Just started learning python and wanted to make a calculator. I currently have some code that tries to turn what the user inputs into an integer, but what I want to do is be able to check if the attempt was successful or not.
Here is the part i'm having trouble with.
import sys
first_number = input('Enter a number: ')
try:
int(first_number)
except:
print("Sorry, that's not a number.")
exit()
You can just do:
try:
int(first_number)
print("try successful!")
except ValueError:
print("Sorry, that's not a number.")
print("try unsuccessful!")
exit()
To have this make more sense, make it a function:
def getNumber():
while True:
number = input('Enter a number: ')
if number.isnumeric():
return int(number)
print( "Not a number, please try again." )

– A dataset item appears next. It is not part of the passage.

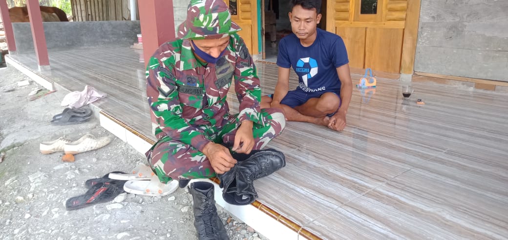 Bojonegoro – Disela-sela kegiatan TNI Manunggal Membangun Desa (TMMD) ke-110 anggota satgas Serda Samsuri berbaur bersama warga di Desa Ngrancang Kecamatan Tambakrejo Kabupaten Bojonegoro.

You can set a flag after int that is only set on success:
success=False
nums=iter(['abc','123'])
while not success:
try:
x=int(next(nums))
success=True
except ValueError as e:
print(e, 'Try Again!')
print(x)
Prints:
invalid literal for int() with base 10: 'abc' Try Again!
123
First time with 'abc' is an error, second time a success.
Since nums first try is an error, that will not set success to True. Second time is not an error, success is set to True and the while loop terminates. You can use the same method with user input. The iterator is just simulating that...
So for your example:
success=False
while not success:
try:
n_string = input('Enter a number: ')
int(n_string)
success=True
except ValueError as e:
print(f'"{n_string}" is not a number. Try again')
Which is commonly simplified into this common idiom in Python for user input:
while True:
try:
n_string = input('Enter a number: ')
int(n_string)
break
except ValueError as e:
print(f'"{n_string}" is not a number. Try again')